Getting angry (or not) about abuse, injustice, illness

July 22nd, 2017  |  Published in Social justice

I get angry about abuse and injustice, but (so far at least) not so much about my own illness. Friends are surprised by my apparent complacence. I’ve been surprised by their surprise, intrigued by my own inconsistencies, and curious about triggers for other people’s anger.

Angry

Angry reaction to abuse and injustice

Three days after Cardinal George Pell was charged with historical child abuse offences, I was sent an article by BB (a pseudonym) who is “a survivor of sexual abuse in an Australian religious orphanage in the 1950s”.

BB does not write about Pell, which is probably just as well, given the caution against contempt. This caution, importantly, is not just about Pell’s right to a fair trial but also to avoid compromising the case for victims. Interestingly, however, those speaking out in support of Pell are still being reported in the media (click here, and here), and I wonder how that’s fair.

BB names no one, being “of a cohort who cannot identify our abusers for the simple reason that we were so very young at the time of our abuse in the 1950s”.

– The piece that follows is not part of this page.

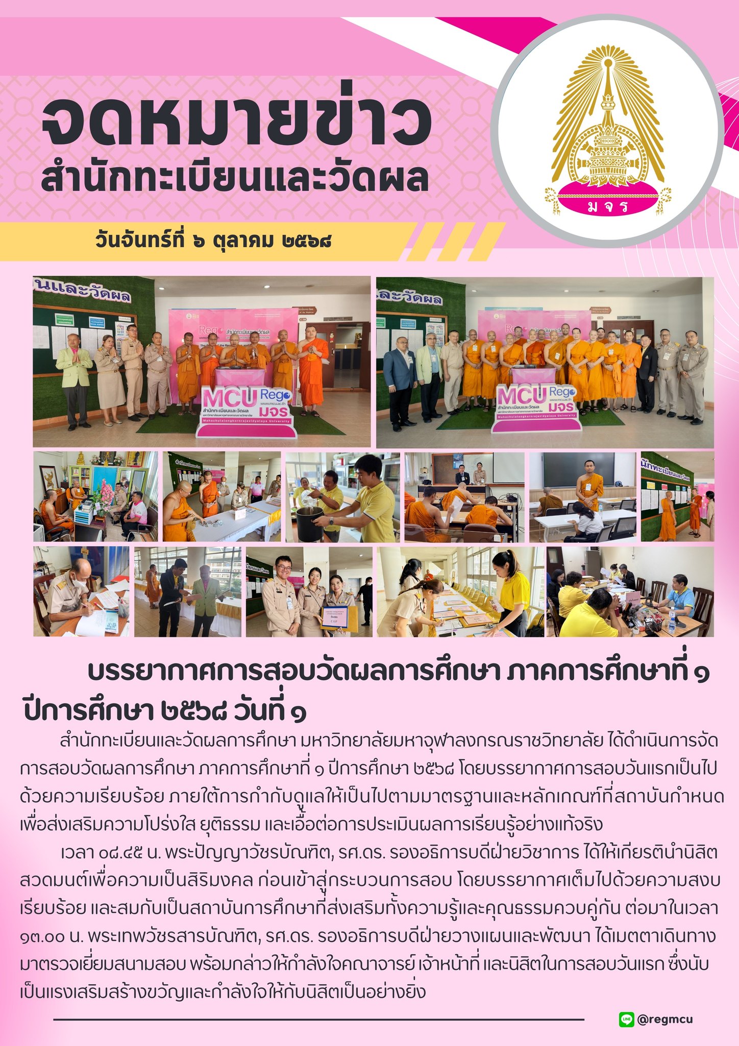 สำนักทะเบียนและวัดผลการศึกษา มหาวิทยาลัยมหาจุฬาลงกรณราชวิทยาลัย ได้ดำเนินการจัด การสอบวัดผลการศึกษา ภาคการศึกษาที่ ๑ ปีการศึกษา ๒๕๖๘ โดยบรรยากาศการสอบวันแรกเป็นไปด้วยความเรียบร้อย ภายใต้การกำกับดูแลให้เป็นไปตามมาตรฐานและหลักเกณฑ์ที่สถาบันกำหนด เพื่อส่งเสริมความโปร่งใส ยุติธรรม และเอื้อต่อการประเมินผลการเรียนรู้อย่างแท้จริง

Their anger has been pushed down and bottled up for decades:

“I have never, until now,” BB writes, “been able to express my anger at what my abusers did to me and to so many others…I could scream to the heavens about it all…Our abusers were never brought to justice…They killed our spirits…Our anger at what they did to us, and our hatred of them, is visceral.”

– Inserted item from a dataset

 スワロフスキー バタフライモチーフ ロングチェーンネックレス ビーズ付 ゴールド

I can relate to that visceral response, and also when BB says:

“Expressing my anger verbally is very difficult. My spoken words jumble all which ways, my face grimaces uncontrollably, and the strength of my emotions shakes me.”

I know the surge of confused emotion when the attempt to speak out against abuse and injustice meets with incomprehension, denial, disdain or dismissal as ‘too emotional’.

The abuse of power involved in the abuse of children makes me want to bay at the moon. Why? Because it’s so rarely brought to full account. The church evaded public accountability for a very long time and has a history of acting more decisively against priests “who adapted the mass or advocated an end to clerical celibacy or favoured women priests” than against those who abused children.

Pope Francis may currently be challenging this conservatism, although a strong stand much earlier in his reign would have been more convincing. Delusions about celibacy have been used to excuse violation of children, and the collusion of the hierarchy has been heinous. It has, for example, been argued that only sexual penetration of women breaks the vow of celibacy.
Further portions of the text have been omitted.